Mengenai persoalan semacam ini Imam Malik mengatakan bahwa termasuk prinsip
kepentingan yang dibenarkan, bila pekerjaan haram berlaku di dunia ini dan seseorang tidak
memperoleh usaha yang halal sedangkan keadaan sangat mendesak untuk memenuhi
kebutuhan hidupnya, maka secara individu seseorang diperbolehkan melakukan pekerjaan
haram semacam itu bila tidak sanggup menggubah keadaan. Pekerjaan haram tersebut boleh
dilakukan asalkan dirinya merasa tidak senang terhadap pekerjaan itu dan melakukannya
sekedar memenuhi tuntutan kebutuhan pokok, yaitu apabila ia tidak melakukan hal yang
terpaksa ini akan mengakibatkannya berada dalam kesulitan dan penderitaan.
Akan tetapi untuk memenuhi kebutuhan pokok ini tidak boleh sampai pada tingkat
kemewahan, sebab dalam taraf kemewahan tersebut berarti ia telah melestarikan kejahatan
dan bukan lagi dianggap sebagai solusi untuk mengatasi suatu keadaan terdesak yang
dibenarkan syari’at Islam.
Perlu diperhatikan bahwa masalah riba tidak hanya berkaitan dengan pegawai bank
atau penulisnya dan pencatat riba disebuah perusahaan, tetapi sudah menyusup kedalam
sistem ekonomi Negara dan semua kegiatan yang berhubungan dengan keuangan. Sehingga
semuanya itu merupakan bencana yang bersifat umum sebagaimana pernah diperingatkan
Rasulullah SAW:
Artinya : Sungguh akan datang pada manusia suatu masa yang pada waktu itu tidak
tersisa seorang pun melainkan akan makan riba. Barang siapa yang tidak
memakannya maka ia akan terkena debunya. (HR. Abu Daud dan Ibnu Majah).
Kondisi seperti ini tidak dapat diubah dan diperbaiki hanya dengan melarang seorang
muslim bekerja di bank atau perusahaan yang mempratekkan riba. Tetapi kerusakan sistem
ekonomi yang disebabkan oleh golongan kapitalis ini hanya dapat diubah oleh sikap seluruh
bangsa dan masyarakat Islam.
Perubahan itu tentu saja harus diusahakan secara bertahap dan perlahan-lahan sehingga
tidak menimbulkan guncangan perekonomian yang dapat menimbulkan bencana pada Negara
dan bangsa. Islam sendiri tidak melarang umatnya untuk melakukan perubahan secara
bertahap dalam memecahkan setiap permasalahan yang pelik.
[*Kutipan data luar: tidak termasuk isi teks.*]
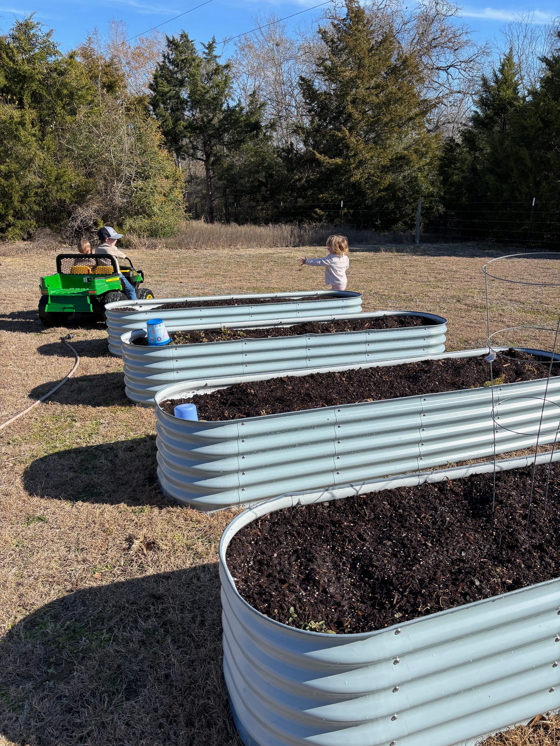 We have the Vego Garden raised beds and they’ve been wonderful for us in many ways, one reason being they’re the perfect height for the kids!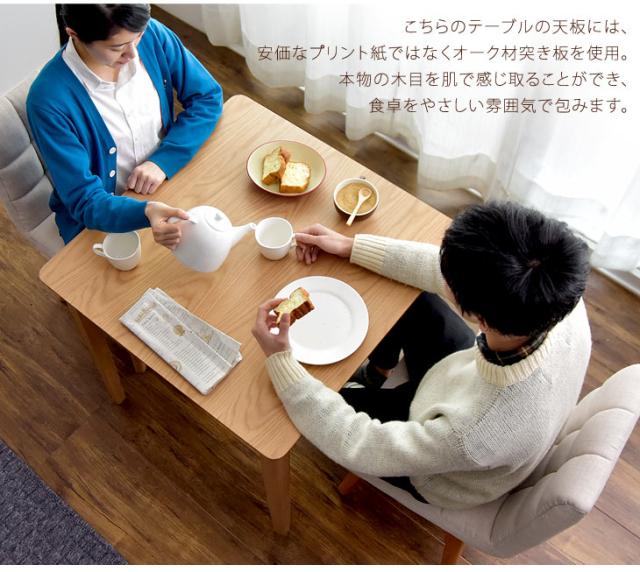| 素材 | 天板:天然木化粧繊維板(オーク材)・ウレタン樹脂塗装 脚部:ラバーウッド(ラッカー塗装) | |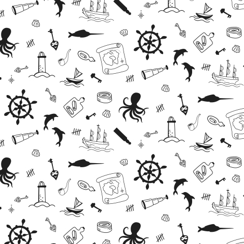 пираты, корабль, маяк, море, штурвал, морские животные, морская тема, пиратская тема, парусник, карта сокровищ, минималистичный, приключения, путешествия,

Cara ini pernah ditempuh Islam
ketika mulai mengharamkan riba, khamr, dan lainnya. Dalam hal ini yang terpenting adalah
tekad dan kemauan bersama, apabila tekad itu bulat maka jalan pun akan terbuka lebar.
Setiap muslim mempunyai keperdulian akan hal ini hendaklah bekerja dengan hatinya,
lisannya, dan segenap kemampuannya melalui berbagai sarana yang tepat untuk
mengembangkan sistem perekonomian negerinya sehingga sesuai dengan ajaran Islam.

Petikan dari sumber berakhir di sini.